Conclusion: the makeType(comptime T: type) idea is discouragable for the following reasons:
it’s definitely not idiomatic Zig; again, as linked in the docs above, TitleCaseTypeName (or PascalCase) is used for types, whether it’s a plain (struct, e.g.) type or it’s a generic (in which case the function name gets TitleCase because the function returns a type), or it’s a source-file struct, in which case the filename is capitalized, since it represents a named struct.
the makeType() scheme results in @typeNames that may be “fully qualified” (as in, foo.makeType(u8) (though awkward looking / non-ziggish), but the death knell is that language servers and debuggers might display only the shortened name, which would simply be makeType for all such (possibly totally different) types, which would be completely useless.
UPDATE: after I authored this summary, this was posted by @floooh, and is very attractive in its fulfillment of at least one of my hopes, without being as idiom-disobedient as my original proposal. Back to my original summary…

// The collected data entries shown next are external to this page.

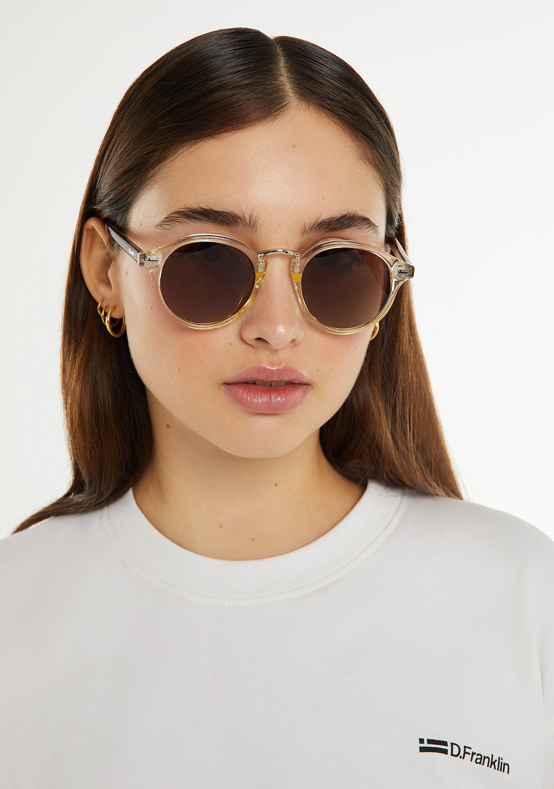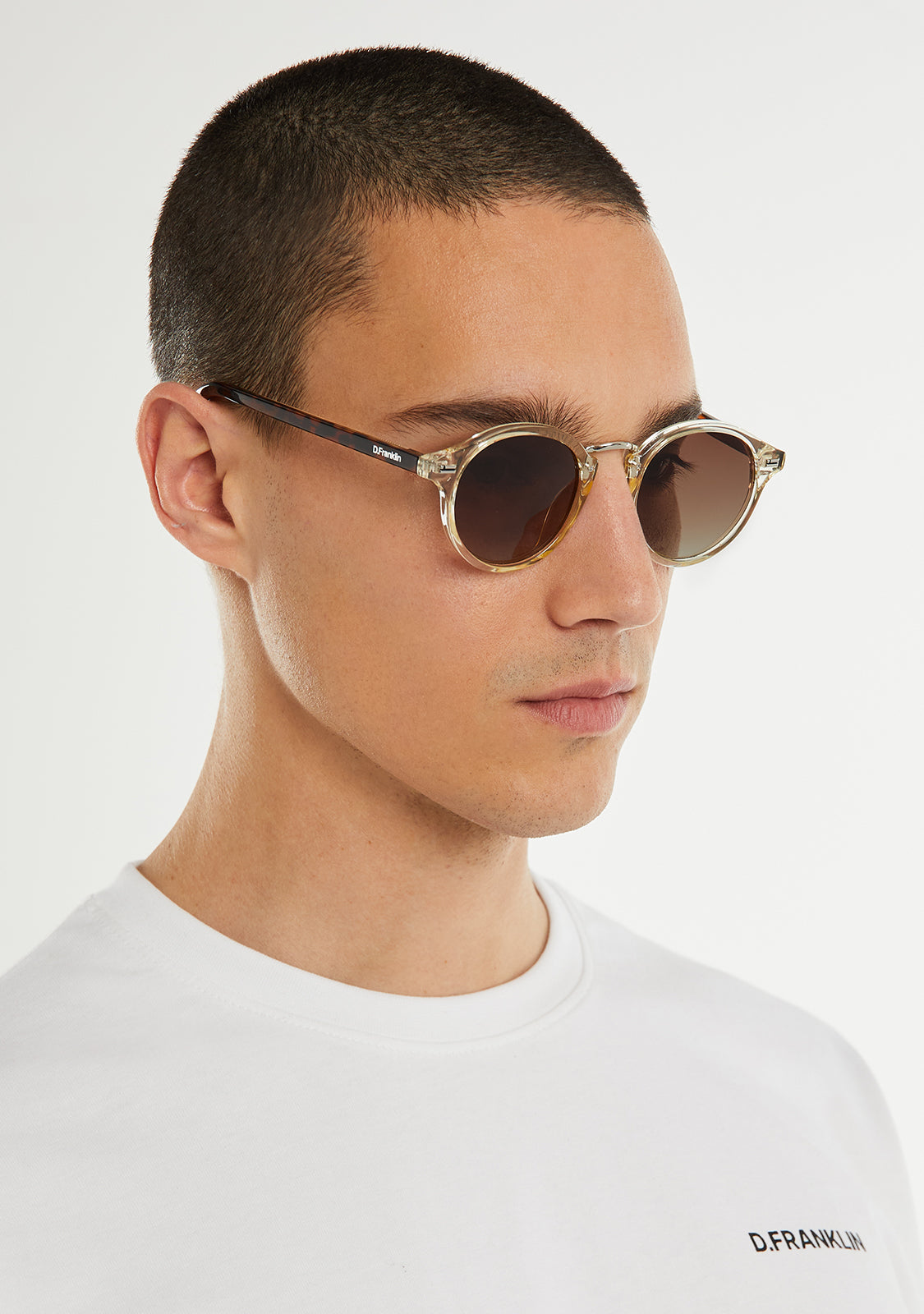 Rediscover our Roller silhouette with a new impeccably finished frame. This model is designed in brown tones and features our signature D.Franklin details: logo engraved on both temples and our emblem on the right lens. The lens width is 49 mm and the front lens width is 140 mm. The side temples are 145 mm long.
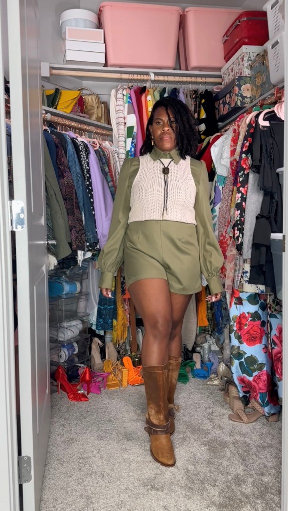 The vest adds dimension and coziness to the jumpsuit, while the bolo tie and cowboy boots give it a Western-inspired twist.
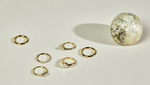 While the pre-Valentine's Day release was timed well, the collection isn't made of just traditional engagement rings. Although two of the rings do feature delicate diamonds and yellow gold — and all of the designs would make gorgeous engagement rings — the other four are made with colorful gemstones and even pearls. (A first for Ceremony, not that you'd be able to tell from the beautiful pearl ring's design.)
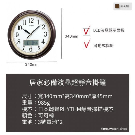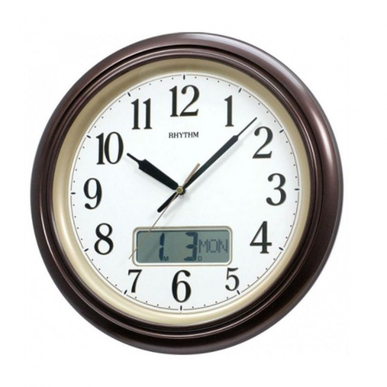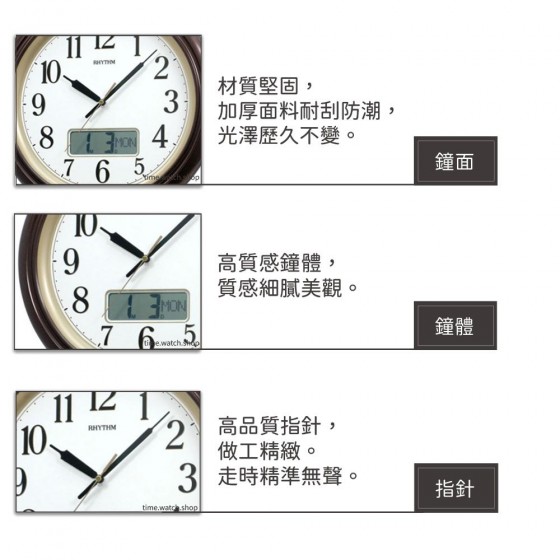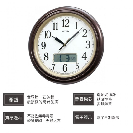 RHYTHM 日本 麗聲 CFG714-NR-06 輕生活居家公司適用日期液晶顯示超靜音掛鐘/34cm

There is no way to get exactly what I was looking for, which I advertised as: the ability to use source-file structs with generic types; however, my proposal wasn’t exactly this, either, of course, since the function makeType() returned the struct, with its innards, rather than the struct’s members simply being file-level instead of nested. One of the objectives was to reduce the need to foo.Foo, and even to be able to assume the final type name of Foo (specialized), and that doesn’t look realizable. Rather, the standard
is really the only way. (Though One suggestion was made to reduce this to a one-liner equivalent, but you still have @import(“foo.zig”).Foo;- it’s definitely a valid point that addresses some of the hope.
Ah! Exactly! This is a perfect example of the use case; I’ve never taken an opportunity to look at your code… thank you.

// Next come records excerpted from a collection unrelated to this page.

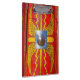 Red decorated Roman Empire military shields scutums in a row and the text INVINCIBLE on t-shirts. Prints and gifts for fun and good mood.
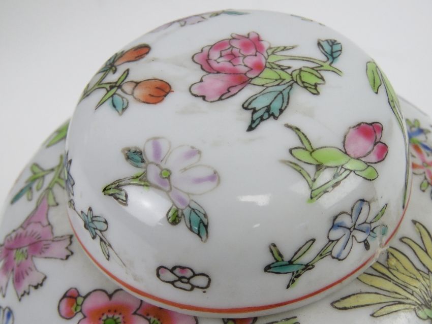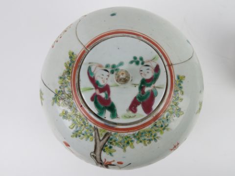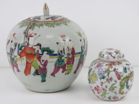 An Oriental ginger jar with cover having hand painted figural scene upon, standing 23cm high, a/f. Together with a later Chinese ginger jar with cover having phoenix and dragon with floral pattern, standing 12.5cm high. Two items.
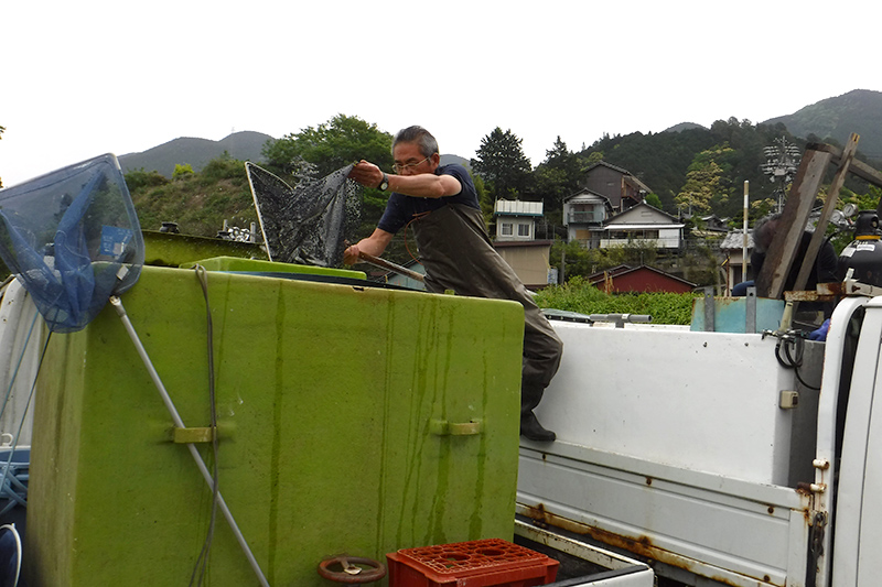 2017.05.235月9日には安倍川中流域を中心に、支流を合わせて4か所 合計500kgの稚鮎放流を行いました。
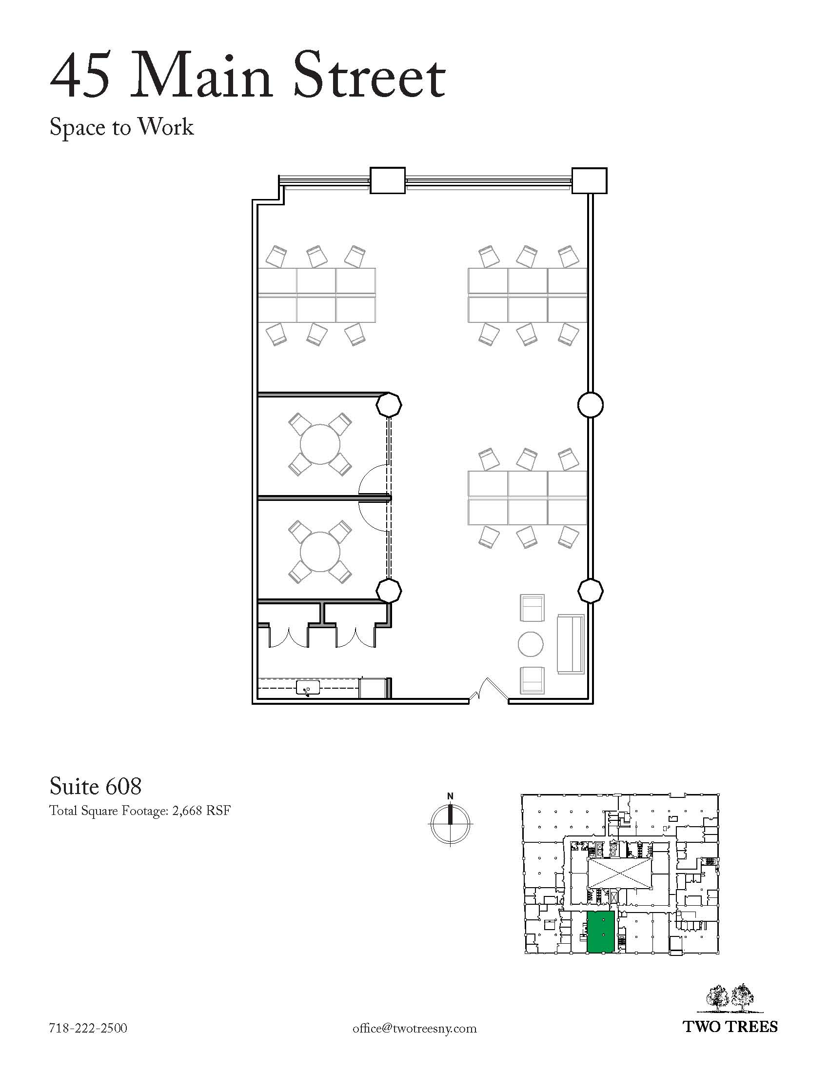 The prime location of 45 Main street is just steps from Brooklyn Bridge Park and the neighborhood’s signature shops and restaurants. The building boasts incredible views and newly renovated offices, with an expansive rooftop terrace that offers generous greenspace with unobstructed views of the Manhattan Bridge and sweeping waterfront.
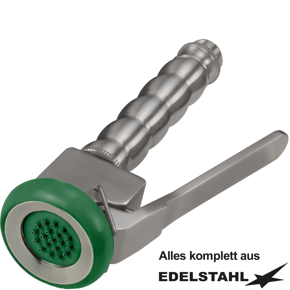 - Der Handgriff ist komplett aus Edelstahl
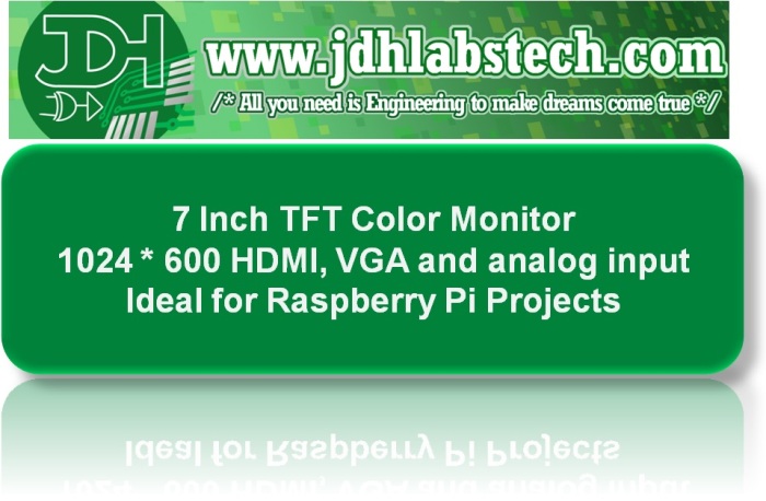 7-inch TFT color monitor with VGA, HDMI and AV inputs, 1024*600 pixel resolution. Ideal for Raspberry Pi projects!

So, this inspires a question: does this not suffer in the same way, where language servers and debuggers might contract this to merely ‘Type’, which wouldn’t be helpful if you had a bunch together? Perhaps you’re just willing to accept that.
Regarding indentation… I have an overly-simple thought for that, but only because, as is obvious, I like to explore outside the safe borders. In this case only (that is, the case of, “A generic type that I’d like to make look as much like a source-file-struct as possible”), would it be acceptable to just:
It would only raise your reader’s eyebrows a little at at the very top. It puts const Bus on the left edge like members of a source-file-struct. It saves one indentation, which might be a more pleasant placement for the file overall. The very bottom of the file would also look slightly ugly. Anyway, I’d personally be inclined to post here to ziggit to see if people say that would be “barely acceptable” or “fine” or maybe “horrendous”… since I’m the guy who likes to know opinions like this, since I’m new, and trying to form some patterns that might endure (big surprise).
Yeah I thought about just ignoring the intendation level and move everything to the left - but of course zig-fmt doesn’t like that and moves everything to the right again (I have enabled format-on-save in VSCode).
Disabling with zig fmt: off would need to go over the entire implementation which also isn’t really an option.
I see this opined, and I can’t bring myself to agree with it.
Possibly because I hold a certain interest in biology? Sometimes the genus and the species are the same thing, and that’s fine. There’s even word for it: it’s called a tautonym. Bison bison, Gorilla gorilla (and the subspecies, Gorilla gorilla gorilla (gorilla) (gorilla)), Gulo gulo (hail to the victors!), there’s a rather long list.
Embracing this evades the kind of foolishness which leads to std.ArrayList but std.array_list.Managed: this is, speaking plainly, bad taxonomy, arising from a mistaken understanding of how these things are supposed to work. τάξις is order, or arrangement, νόμος is law (kind of): there’s a science to it. Did we suddenly discover something Linnaeus was oblivious to? We did not, we’re ignoring the wisdom of our elders.
Namespaces nest, that forms a hierarchy, the only way to fulfill this oblivious “no classification” directive is to flatten everything out. Since that’s obviously bad, we’re stuck in, and may as well do it properly.
Ah, right. Maybe there’s a little tension between the zen “Focus on code rather than style.” and zig-fmt. Of course, as you say, one wouldn’t have to use zig-fmt.